После такого удара встают не вдруг. Почти на четыре года нас вывели из рабочего состояния. Дорогу в издательство мы забыли да и не писали ничего, и если бы не случай, возможно оказались бы убитыми навсегда.

Как-то в коридоре областной газеты мы случайно столкнулись со старшим редактором издательства Анной Израилевной Зусиной. Она остановила нас, начала жать руки:

— Ребята, нет ли у вас новых сказок? Мы могли бы издать их... Понимаете, у нас выпал Петров, и в плане оказалась дыра. Так есть или нет?

— Как нет? — я едва не захлебнулся от радости собственной слюной. — Мы вчера сняли с машинки новый сборничек, даже не вычитали еще.

Я лгал, никаких новых сказок у нас не было, но редактор обрадовалась моему вранью:

— Несите, мы посмотрим. Завтра же приносите, мы завтра же и проглядим. Я лично займусь этим.

Это страшно, когда в плане вдруг оказываются дыры: в них начинают дуть ветры, появляются сквозняки, а со сквозняками шутки плохи.

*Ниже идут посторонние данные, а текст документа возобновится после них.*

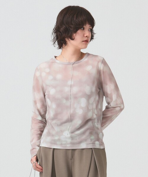 きらめく光を纏う■デザイン〈RBS(アールビーエス)〉オリジナルのプリントを施したクルーネックトップス。 異なる色合いがバランスよくちりばめられ、光の粒がきらめくような幻想的な雰囲気を演出します。 程よい透け感のあるシアー素材を使用し、シーズンを問わず幅広く活躍する一枚です。■コーディネート1枚ではもちろん、キャミワンピースやジレなどインナーアイテムとしてもおすすめです。■サイズボディはタイトすぎないよう程よくゆとりを持たせたシルエットに仕上げています。■素材シアー感とシャリ感のある素材を使用しています。■ケア方法洗濯可(詳細は商品についている品質表示ラベルをご覧ください)生地の厚さ:薄手透け感:あり伸縮性:ややあり光沢感:ややあり裏地:なし【スタッフレビュー】スタッフ:saori KATO身長:160cm / 普段サイズ:S / 着用サイズ:ONE SIZEサイズ感: 程よくゆとりのあるサイズ感。素材感: やや透け感があり、軽い着心地。ポイント: インナー使いは勿論、1枚で着ても様になるトップスです。※こちらの商品は柄の出方が1点ずつ異なります。柄位置のご指定はお受けできかねます。あらかじめご了承ください。※光の当たり具合やパソコンなどの閲覧環境によって実際の色味と異なって見える場合がございます。予めご了承ください。※商品の色味は商品単体で撮影した画像をご参照ください。RBS/アールビーエス<Ray BEAMS>から誕生したブランド<RBS>。大人でもこどもでもない、カジュアルでもコンサバティブでもない。何にも属さない、ニュートラルで曖昧なスタイルがいい。好きなモノは多いけれど、本当に好きなモノは変わらない。概念にとらわれず、ファッションを心から楽しむ女性に向けて、上質な素材とディテールを楽しむコンテンポラリーウエアを展開。クリーンでエフォートレスなスタイルを提案します。

Мне жалко Геннадия Петрова, но не «выпади» он из плана, вероятнее всего не было бы и нашего возвращения к сказке. Обрадовавшись представившейся возможности издаться, мы приехали с братом домой, мы уже жили тогда в Безенчуке, достали с полки ту самую изгаженную рецензентом рукопись, за ночь в две машинки перепечатали ее и утром привезли в издательство. Анна Израилевна лично прочла ее и сказала:

— Ну вот, наконец-то братья Бондаренко научились писать сказки... Мы издаем это.

И она подняла над столом нашу рукопись. Она сделала для нас больше: создала рекламу нашим сказкам. По ее предложению они были напечатаны в областной газете, переданы по областному радио. Их приняло к показу телевидение.

Те же сказки и такой разный прием... Ах, если бы это внимание да чуть-чуть пораньше, насколько бы седин было бы меньше на голове и насколько бы сегодня было здоровее сердце, да и ребра от литературных пинков не так бы ныли.

14

Я прохожу мыслью по кладбищу моей жизни, читаю надписи надгробий: «Митроша — перекати-поле». И в памяти оживает его мягкий несколько распевный голос:

— Хорошего человека и куском употчуешь, а худого и гусем не улестишь.

Вспоминаются его сказки, загадки, рассказы о пройденном и увиденном у распотевшегося самовара.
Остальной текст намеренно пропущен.